Você tem a certeza de que está sozinho quando ninguém percebe quando você disfarça o choro. E então você quer chorar alto mas não consegue mais. Se acostumou ao anonimato.

8 de maio de 2011

Quica um, dois, três e afunda.

Ai, como eu queria saber que a dor não é só minha.
E ver no outro o reflexo de mim.
Mas a água é cada vez mais turva; seixos atirados na superfície.
Meu reflexo é a sombra do que era, embora continue molhado.
Ai, como eu queria que me adivinhassem as dores e tirassem os seixos dos bolsos.

Metáfora, metonímia, pleonasmo e hipérbole.

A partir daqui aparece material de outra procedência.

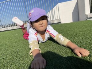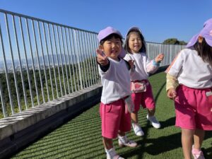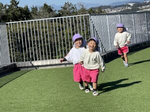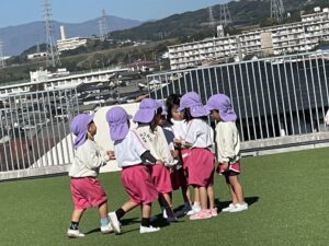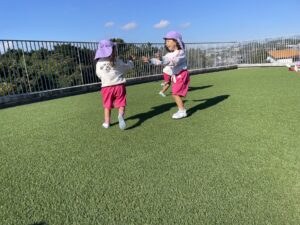 今日、すみれ組では、音楽会の練習の前に、空の園庭でたくさん遊んだね。
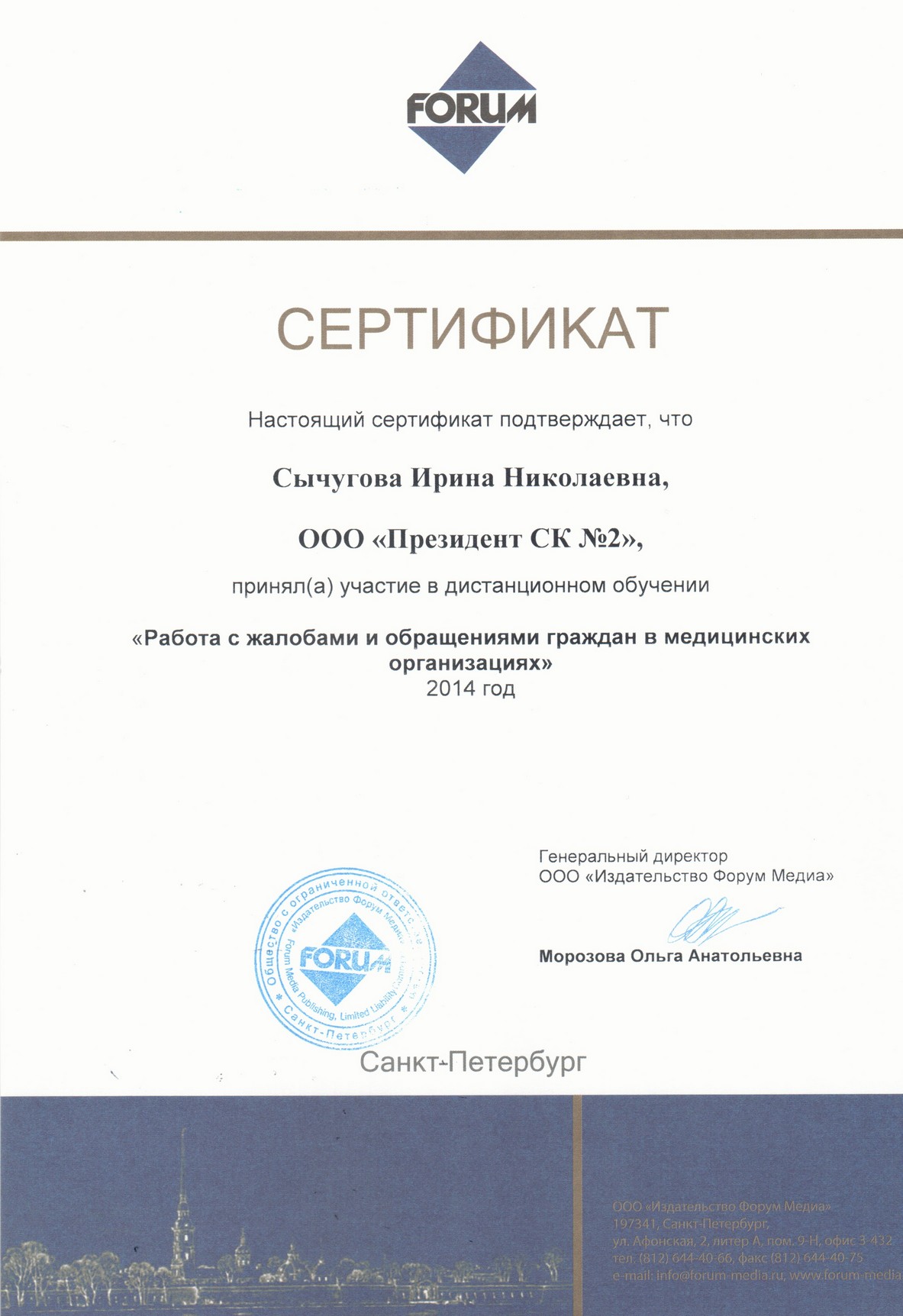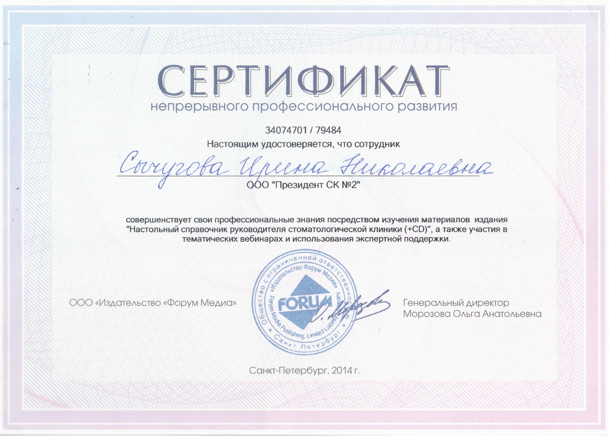 Сертификат по непрерывному профессиональному обучению.

Nas minhas longas leituras de Foucault - longas pelo grande tempo gasto em cada página -, uma passagem me pegou. E é justamente sobre a passagem que ela fala. Ele conta dos loucos que na idade média eram colocados em navios mercadores para expiar seus males na água, considerada um elemento purificador da alma. Medida de limpeza urbana, suponho. Mas o interessante é a conclusão em que ele chega:

Sua exclusão deve encerrá-lo; se ele não pode e não deve ter outra prisão que o próprio limiar, seguram-no no lugar de passagem. Ele é colocado no interior do exterior, e inversamente. (...) Fechado no navio, de onde não se escapa, o louco é entregue ao rio de mil braços, ao mar de mil caminhos, a essa grande incerteza exterior a tudo. É um prisioneiro no meio da mais livre, da mais aberta das estradas: solidamente acorrentado à infinita encruzilhada. É o Passageiro por excelência, isto é, o prisioneiro da passagem. E a terra à qual aportará não é conhecida, assim como não se sabe, quando desembarca, de que terra vem. Sua única verdade e sua única pátria são essa extensão estéril entre duas terras que não lhe podem pertencer.


Meu limiar pode não ser tão extenso, mas me aprisiona. Quem dera ser louca pra estar alheia. Acontece que é sempre transição, mas diferente da do louco, ela traz a expectativa de conhecer a terra em que se aportará. Mas é raro se ouvir um "terra à vista!", e mais raro ainda não desviar dela por qualquer outra coisa que surgiu "à vista" também. Quanto mais distante, o lugar onde se estava vai deixando de ser o que era, de falar como falava, de comer de boca aberta como comia, de sorrir como sorria, de cheirar como cheirava. De continente vai se tornando ilha e, enfim, apenas uma sujeira levemente arredondada no horizonte. E a minha loucura vem daí. Ela surge na distância. Surge no esquecimento. A memória do lugar é colorida só porque te falta à mão uma fotografia atual dele (a memória não tem caminhos de regresso, toda primavera antiga é irrecuperável e o amor mais desatinado e tenaz não passa de uma verdade efêmera). Ou então te mostram essa foto, mas você não consegue reconhecer nada nela além de mentira. Então você se questiona sobre a verdade que existia nessa relação. Nessa e noutras. Todas as outras. Todas as terras que você visitou. A verdade é o seu navio. O momento presente, que é fluido como a água. Vá lá, todo esse horizonte pode deturpar sua visão... O céu que reflete a água não reflete a terra tão bem, mas todo o seu pensamento vagueia com ele. Às vezes você se pega perseguindo um passarinho de 140 caracteres e ele traz notícias daquela terra. Mas a água está ao seu redor, sai dos seus olhos. A notícia é que a terra está seca. E a lição é aprendida na palmatória.


E se a Blanche, do bonde chamado desejo (ou a barca louca de Foucault?) diz que sempre dependeu da bondade de estranhos, eu digo que sempre dependi da bondade dos conhecidos, até eles se tornarem estranhos. Então a bondade espontânea vira súplica.